- Awarded for: Awards for the most performed New Zealand song in New Zealand and overseas
- Country: New Zealand
- Presented by: APRA New Zealand
- Reward(s): APRA Silver Scroll
- First award: 1994
- Final award: 2015
- Most awards: Brooke Fraser (NZ); Neil Finn (overseas);
- Website: APRA NZ

= APRA Silver Scroll Awards for Most Performed New Zealand Works =

The APRA Silver Scroll Awards for Most Performed New Zealand Work in New Zealand and Most Performed New Zealand Work Internationally were two annual awards presented to the New Zealand song that had been performed the most in New Zealand and internationally, respectively. The awards were presented by APRA AMCOS New Zealand, the copyright collective representing New Zealand composers, lyricists and music publishers. The awards were presented annually at the APRA Silver Scroll Awards. The award was last presented in 2015.
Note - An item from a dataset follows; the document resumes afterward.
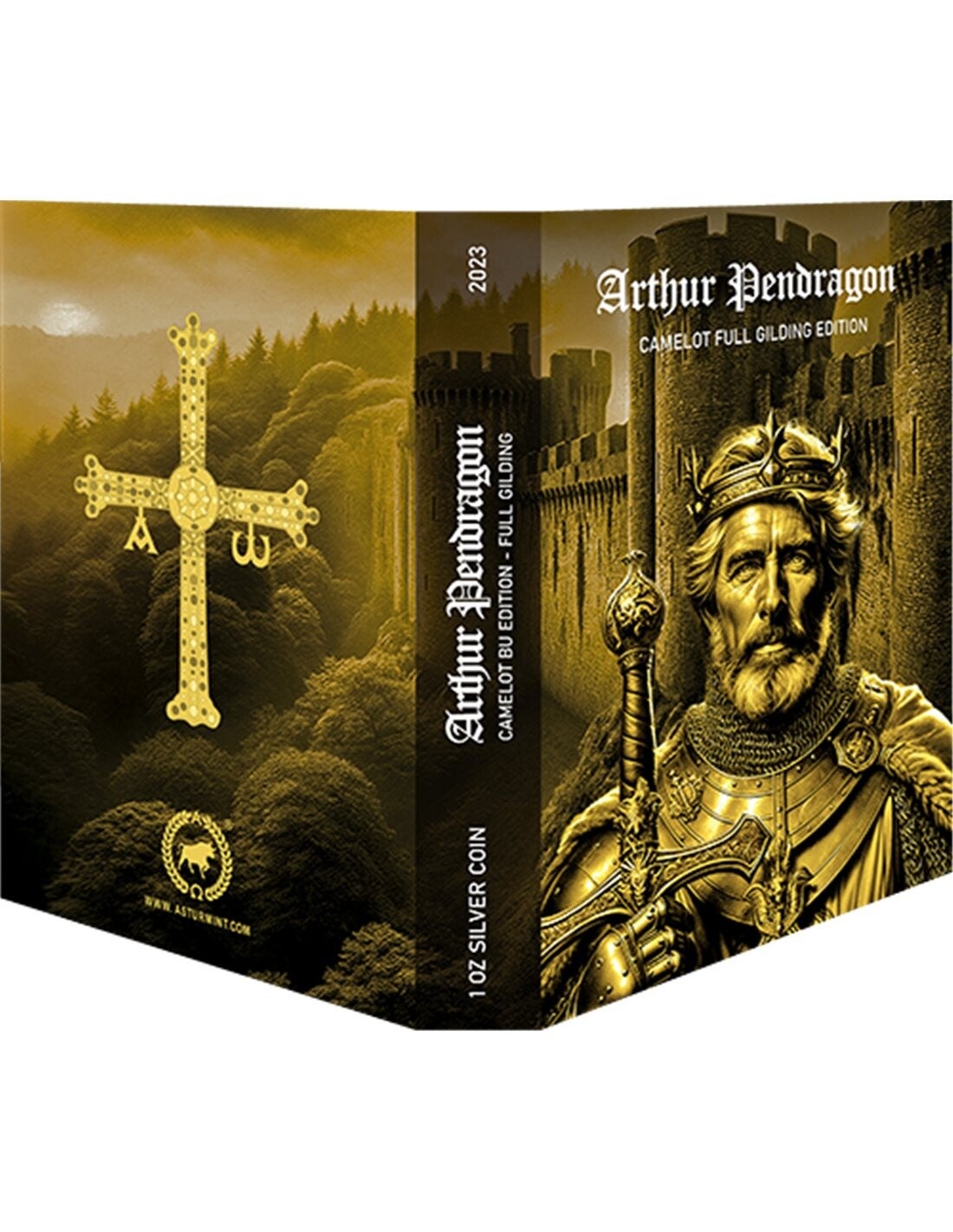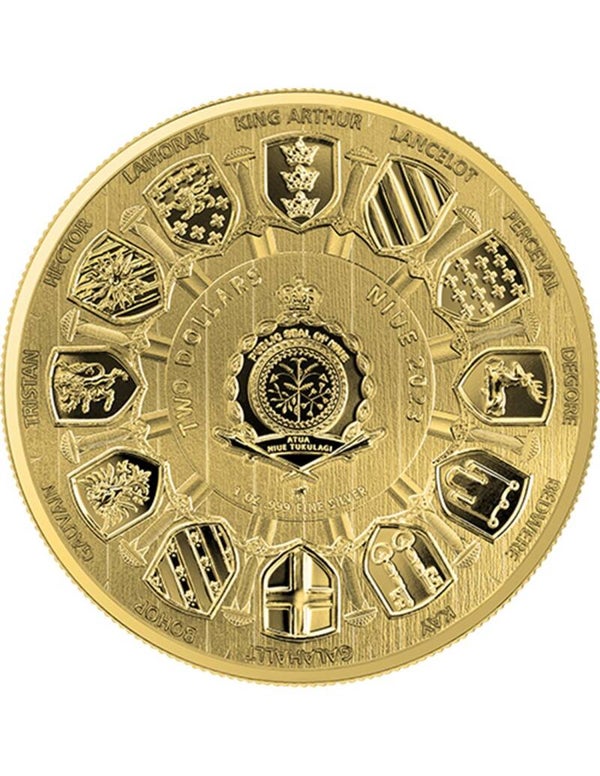 Arthur Pendragon Camelot 24k Goldvergoldung 1 Oz Proof Silbermünze 2 $ Niue 2023
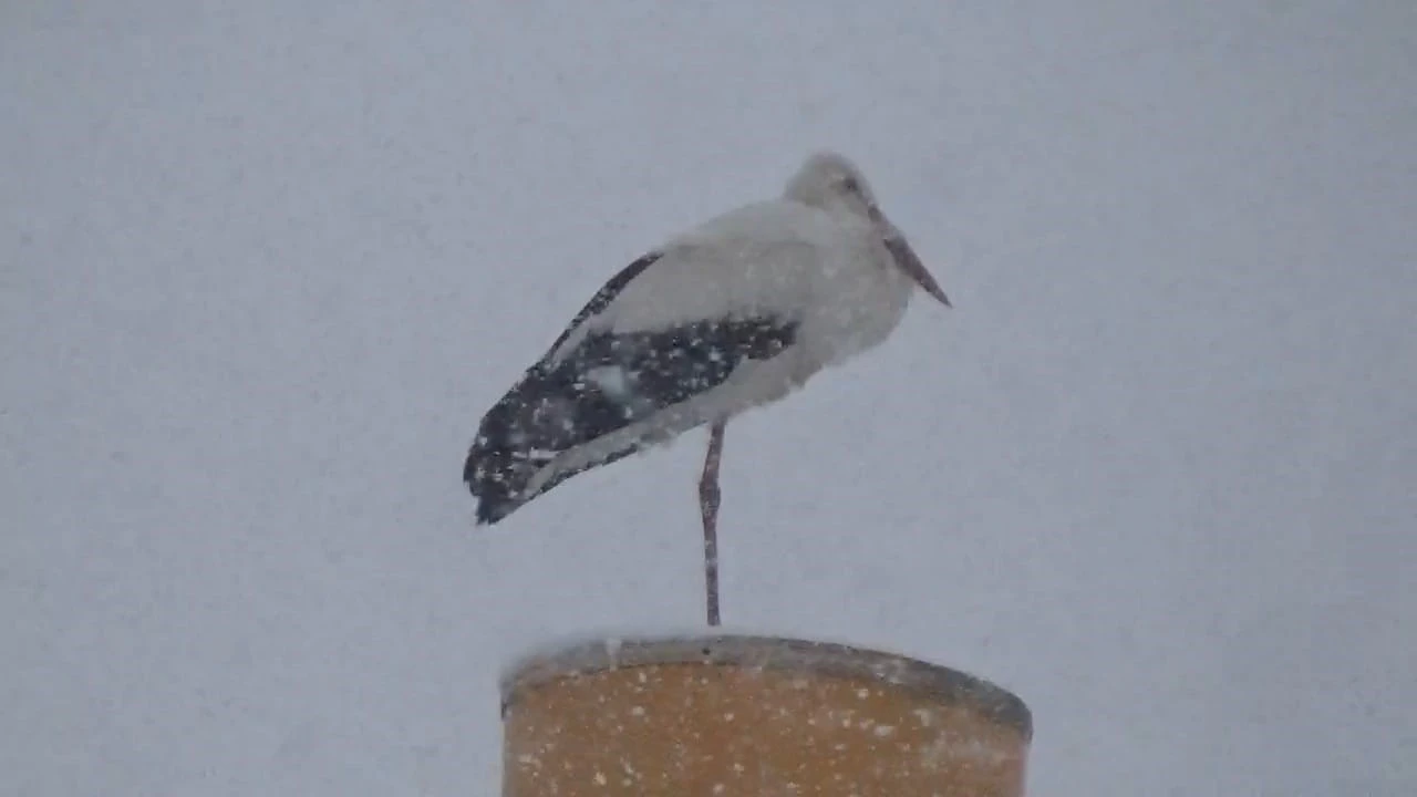 İlkbaharın müjdecisi olarak bilinen leylekler, havaların ısınmasıyla birlikte göç yollarına düştü. Tunceli’nin Pülümür ilçesine gelen bir leylek, bastıran yoğun kar yağışına yakalandı.

While the national award was highly contested, from 2000 to 2012 the international award was dominated by Crowded House's 1986 song "Don't Dream It's Over".

== Most Performed New Zealand Work in New Zealand ==

The Most Performed New Zealand Work in New Zealand winner is determined by APRA NZ, using data provided by New Zealand television and radio. The award covers the period of 1 July to 30 June each year. At least 50% of the song must have been written by an APRA New Zealand member.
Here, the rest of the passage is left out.